◆ The task
Starting at the top line, return each entry word for word.

◆ Source data
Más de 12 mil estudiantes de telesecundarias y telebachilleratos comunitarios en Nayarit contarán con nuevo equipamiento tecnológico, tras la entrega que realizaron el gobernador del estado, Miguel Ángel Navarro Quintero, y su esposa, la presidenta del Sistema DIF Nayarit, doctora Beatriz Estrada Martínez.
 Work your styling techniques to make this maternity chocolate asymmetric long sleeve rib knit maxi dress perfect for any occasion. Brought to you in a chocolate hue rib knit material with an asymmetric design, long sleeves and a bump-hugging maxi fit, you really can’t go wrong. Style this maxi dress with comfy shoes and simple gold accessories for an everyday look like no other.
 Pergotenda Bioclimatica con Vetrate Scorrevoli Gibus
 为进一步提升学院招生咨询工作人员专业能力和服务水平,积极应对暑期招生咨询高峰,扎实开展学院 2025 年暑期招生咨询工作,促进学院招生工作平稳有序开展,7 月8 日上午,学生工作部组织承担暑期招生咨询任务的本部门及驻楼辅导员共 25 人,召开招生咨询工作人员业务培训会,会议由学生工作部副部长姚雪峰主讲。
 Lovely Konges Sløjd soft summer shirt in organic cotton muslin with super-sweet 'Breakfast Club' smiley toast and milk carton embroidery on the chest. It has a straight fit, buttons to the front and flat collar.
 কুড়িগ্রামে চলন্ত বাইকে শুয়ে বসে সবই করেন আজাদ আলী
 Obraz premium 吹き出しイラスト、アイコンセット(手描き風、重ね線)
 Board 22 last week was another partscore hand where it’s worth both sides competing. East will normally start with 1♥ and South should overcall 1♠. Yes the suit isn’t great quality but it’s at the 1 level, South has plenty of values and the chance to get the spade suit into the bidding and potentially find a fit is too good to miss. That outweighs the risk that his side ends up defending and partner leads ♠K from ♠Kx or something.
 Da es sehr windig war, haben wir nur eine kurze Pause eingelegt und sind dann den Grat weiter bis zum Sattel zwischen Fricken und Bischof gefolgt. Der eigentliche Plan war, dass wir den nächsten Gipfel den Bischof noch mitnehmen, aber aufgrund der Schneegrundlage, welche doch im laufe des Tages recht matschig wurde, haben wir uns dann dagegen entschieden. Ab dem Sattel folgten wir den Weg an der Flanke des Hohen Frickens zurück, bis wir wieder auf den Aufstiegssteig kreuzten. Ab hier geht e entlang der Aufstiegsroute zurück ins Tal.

◆ The answer
Más de 12 mil estudiantes de telesecundarias y telebachilleratos comunitarios en Nayarit contarán con nuevo equipamiento tecnológico, tras la entrega que realizaron el gobernador del estado, Miguel Ángel Navarro Quintero, y su esposa, la presidenta del Sistema DIF Nayarit, doctora Beatriz Estrada Martínez.
 Work your styling techniques to make this maternity chocolate asymmetric long sleeve rib knit maxi dress perfect for any occasion. Brought to you in a chocolate hue rib knit material with an asymmetric design, long sleeves and a bump-hugging maxi fit, you really can’t go wrong. Style this maxi dress with comfy shoes and simple gold accessories for an everyday look like no other.
 Pergotenda Bioclimatica con Vetrate Scorrevoli Gibus
 为进一步提升学院招生咨询工作人员专业能力和服务水平,积极应对暑期招生咨询高峰,扎实开展学院 2025 年暑期招生咨询工作,促进学院招生工作平稳有序开展,7 月8 日上午,学生工作部组织承担暑期招生咨询任务的本部门及驻楼辅导员共 25 人,召开招生咨询工作人员业务培训会,会议由学生工作部副部长姚雪峰主讲。
 Lovely Konges Sløjd soft summer shirt in organic cotton muslin with super-sweet 'Breakfast Club' smiley toast and milk carton embroidery on the chest. It has a straight fit, buttons to the front and flat collar.
 কুড়িগ্রামে চলন্ত বাইকে শুয়ে বসে সবই করেন আজাদ আলী
 Obraz premium 吹き出しイラスト、アイコンセット(手描き風、重ね線)
 Board 22 last week was another partscore hand where it’s worth both sides competing. East will normally start with 1♥ and South should overcall 1♠. Yes the suit isn’t great quality but it’s at the 1 level, South has plenty of values and the chance to get the spade suit into the bidding and potentially find a fit is too good to miss. That outweighs the risk that his side ends up defending and partner leads ♠K from ♠Kx or something.
 Da es sehr windig war, haben wir nur eine kurze Pause eingelegt und sind dann den Grat weiter bis zum Sattel zwischen Fricken und Bischof gefolgt. Der eigentliche Plan war, dass wir den nächsten Gipfel den Bischof noch mitnehmen, aber aufgrund der Schneegrundlage, welche doch im laufe des Tages recht matschig wurde, haben wir uns dann dagegen entschieden. Ab dem Sattel folgten wir den Weg an der Flanke des Hohen Frickens zurück, bis wir wieder auf den Aufstiegssteig kreuzten. Ab hier geht e entlang der Aufstiegsroute zurück ins Tal.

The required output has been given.